Upon returning from London in mid-October, 1917, Admiral Mayo, of our Atlantic Fleet, brought back the outline of a proposed minelaying operation. The paper was quite informal—unsigned, undated, bearing in pencil across the top, “Admiralty would be glad to learn whether Navy Department concur in the plans as shewn.”

The field was to be 230 miles long—the distance from Washington to New York—divided into three parts, the middle section, of 135 miles, called Area A, allotted to us, because the reach of the new American mines was greater than ordinary—three of them covering the same extent as eight mines of other types. Thus numbers and effort were saved.
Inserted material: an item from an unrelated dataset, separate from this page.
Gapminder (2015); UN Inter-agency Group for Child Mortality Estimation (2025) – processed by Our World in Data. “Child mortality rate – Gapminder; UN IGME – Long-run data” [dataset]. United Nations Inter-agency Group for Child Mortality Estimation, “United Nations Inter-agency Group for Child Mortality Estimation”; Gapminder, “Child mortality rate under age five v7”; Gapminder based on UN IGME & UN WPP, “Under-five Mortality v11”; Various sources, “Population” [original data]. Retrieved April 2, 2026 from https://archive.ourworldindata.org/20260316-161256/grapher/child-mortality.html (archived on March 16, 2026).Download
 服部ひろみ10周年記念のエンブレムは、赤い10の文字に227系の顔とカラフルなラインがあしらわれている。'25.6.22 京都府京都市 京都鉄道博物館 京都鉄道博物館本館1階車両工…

There would be three “systems,” each consisting of one or more rows of mines just below the surface, dangerous to any craft, and other rows at intermediate and extreme depths, so that, whether running on the surface or at ordinary submergence or as deep as 240 feet, a submarine had the odds against her. In the absence of patrol vessels to drive them down, submarines would naturally run on the surface, and so the rows of upper level mines were made more numerous than those at deeper levels. The stroke of a mine is sudden and powerful, and while a vessel on the surface may survive it, to a submerged submarine it is usually fatal. All classes of vessels shy at a minefield, and that the Germans shared this aversion was shown by captured papers, which made it clear that the submarines dreaded nothing so much as mines.
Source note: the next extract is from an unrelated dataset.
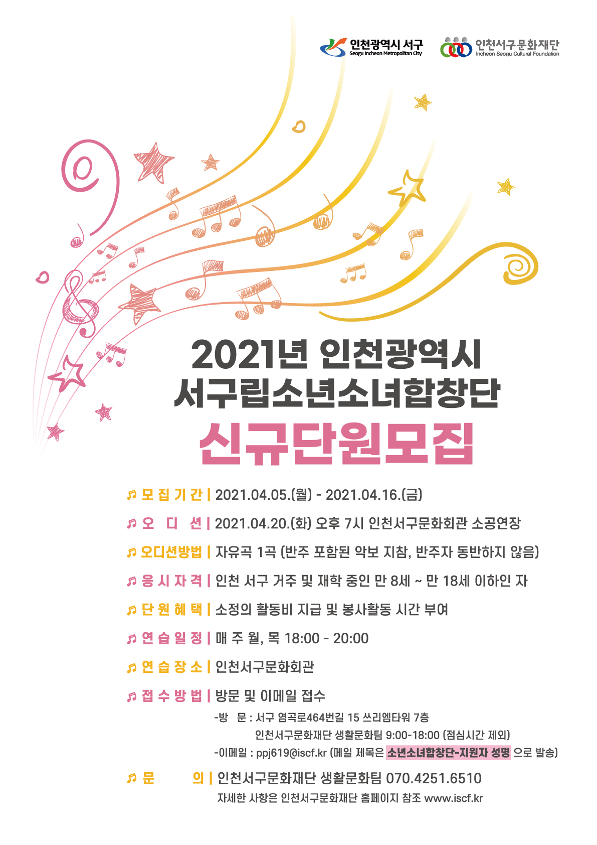 ❍ 접수기간 - 서구립합창단 : 2021. 3. 29.(월) ~ 4. 11.(일) - 서구립소년소녀합창단 : 2021. 4. 5.(월) ~ 4. 16.(금) ❍ 접수방법 - 재단 홈페이지에서 응시원서 다운로드 후, 작성하여 제출 - 방문 접수 : 인천서구문화재단 (생활문화팀) (평일 09:00 ~ 18:00, 점심시간 제외) - 이메일 접수 : ppj619@iscf.kr ․ 신청시 메일제목 : 서구립예술단 지원(예술단명/지원자 성명) ❍ 응시서류 - 서구립합창단 : 응시원서 1부, 오디션용 악보 1부(반주포함 된 악보로 제출) - 서구립소년소녀합창단 : 응시원서 1부, 오디션용 악보 1부(반주 포함된 악보로 제출) ❍ 문의 : 070-4251-6510 |

The scheme was unprecedented, and that its great magnitude would involve a mass of detail requiring very careful adjustment was evident on the most cursory examination. Some who heard of it regarded it as impossible, and foolish to attempt. As to the new mines, the very basis of the whole project—since a complete unit would not exist for several months, the statement of Rear Admiral Ralph Earle, Chief of the Naval Bureau of Ordnance, that the mines would be forthcoming in season, had to be based upon tests of the mine only by parts, with the assumption that all would function properly when assembled. Action upon that assurance would at once involve upward of forty million dollars, which made his stand a bold one, inviting unmeasured odium, should the mine after all fail. To await the mine’s final proving, however, would have been fatal to any possibility of beginning the barrage before 1919.

The task of laying the barrier would be hazardous in itself, with constant danger of interruption by the enemy. A single minefield in the open sea, or widely separated ones, presented no extreme difficulties, but to lay a series of them so close together as to leave no considerable gaps between, made a problem for which no really practical solution was yet visible.
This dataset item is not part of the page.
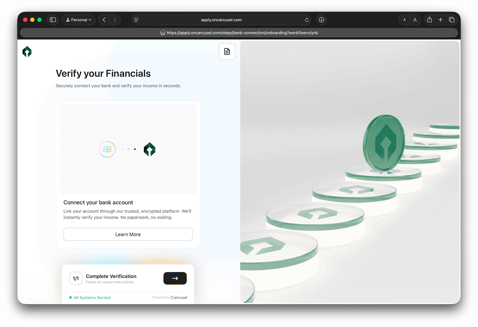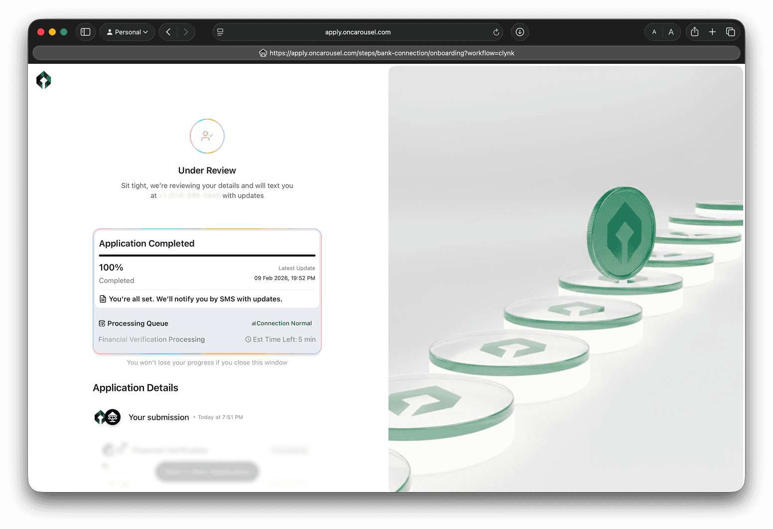 Once verified, Carousel intelligently routes your application so you can receive offers and access funding without delays.

For four days the project was under consideration by the Naval General Board at Washington. Time pressed, the need was great, the new mine very promising. The attitude of our officers was favorable. My own expressed view, based on three years’ experience in mining, was that, though much greater difficulties and magnitude would develop even than yet foreseen, the scheme was nevertheless feasible, was within our minelaying experience in principle, and, though it could hardly be more than half or a quarter effective, it was well worth doing. The British Admiralty’s approval and belief in the practicability of the scheme was implied in the original paper, but an explicit confirmation was asked and obtained by cable, on the basis of their three years’ war experience and knowledge of North Sea conditions. And so the plan went to the Secretary of the Navy bearing the General Board’s approval, as promising a sufficient degree of success to warrant undertaking it.

CHAPTER THREE
The Bases in Scotland

The British Minelaying Squadron was to operate from Grangemouth, near Rosyth, on the Firth of Forth. As a mine assembling and operating base for the American Squadron, the British naval authorities decided on Inverness and Invergordon, in the Scottish Highlands, situated on Inverness Firth and Cromarty Firth, respectively, which empty into Moray Firth about eight miles apart. One base would have been enough and in some respects more convenient, but the limited transportation means across Scotland necessitated two. To require the slow mine carriers to navigate the difficult passages around the north of Scotland would prolong their exposure to submarines and cause more escort duty for destroyers, so it was decided to discharge their cargoes on the west side, at points which gave a short haul across Scotland—Fort William, at the western terminus of the Caledonian Canal, and Kyle of Loch Alsh, where one crosses to the Isle of Skye. The cargoes were transported by canal motor-barge and by the Highland Railway.